Abstract

We present a novel quasi-Bayesian method to weight multiple dynamical models by their skill at capturing both potentially non-linear trends and first-order autocorrelated variability of the underlying process, and to make weighted probabilistic projections. We validate the method using a suite of one-at-a-time cross-validation experiments involving Atlantic meridional overturning circulation (AMOC), its temperature-based index, as well as Korean summer mean maximum temperature. In these experiments the method tends to exhibit superior skill over a trend-only Bayesian model averaging weighting method in terms of weight assignment and probabilistic forecasts. Specifically, mean credible interval width, and mean absolute error of the projections tend to improve. We apply the method to a problem of projecting summer mean maximum temperature change over Korea by the end of the 21st century using a multi-model ensemble. Compared to the trend-only method, the new method appreciably sharpens the probability distribution function (pdf) and increases future most likely, median, and mean warming in Korea. The method is flexible, with a potential to improve forecasts in geosciences and other fields.

Highlights

  • A common forecasting problem is one of probabilistic multi-model forecasts of a stochastic dynamical system [1,2,3,4,5,6,7,8,9,10,11,12,13,14,15,16,17,18]

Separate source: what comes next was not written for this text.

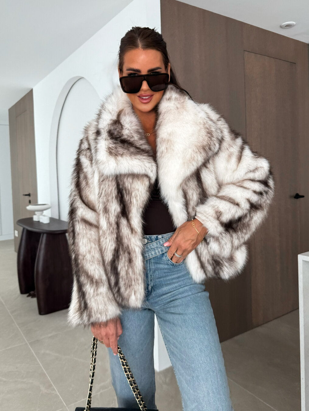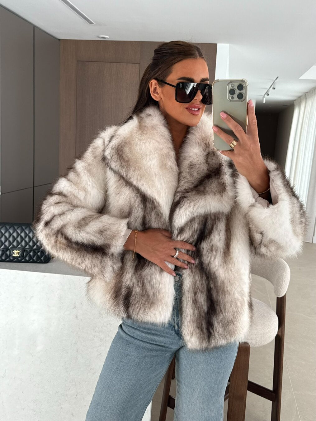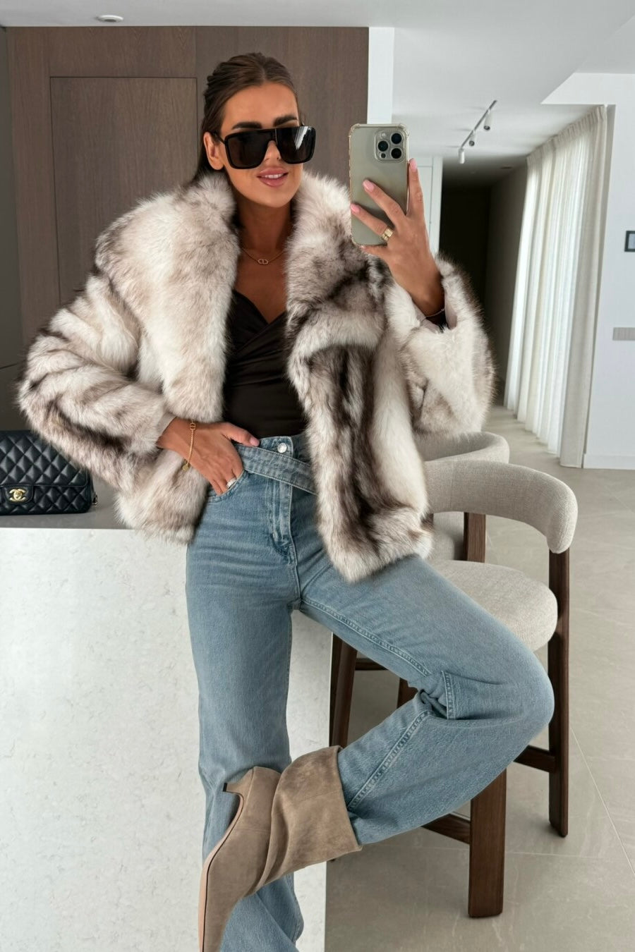 Cazadora de cuello solapa y manga larga. Bolsillos laterales ocultos en costura. Forro interior combinado a contraste.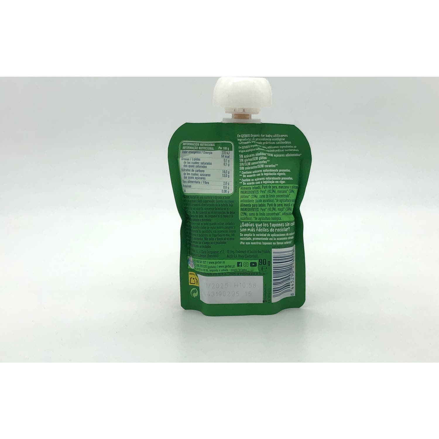 Elaborado a base de Pera, Manzana y Plátano con certificado verde que significa que está elaborada a partir de productos procedentes de la agricultura ecológica. No contiene aceite de palma ni azúcares añadidos, solo contiene los azúcares naturalmente presentes.

  • Using several simulated and observed datasets we show that the new method results in better weighting and tends to improve forecasts of system mean change under new conditions compared to when trend-only Bayesian Model Averaging (BMA) weighting is used

  • The new method tends to improve in terms of the mean 90% credible interval width as well as mean absolute bias of the mean (Table 1, Figs 6 and 7, Figs N-Q in S1 File)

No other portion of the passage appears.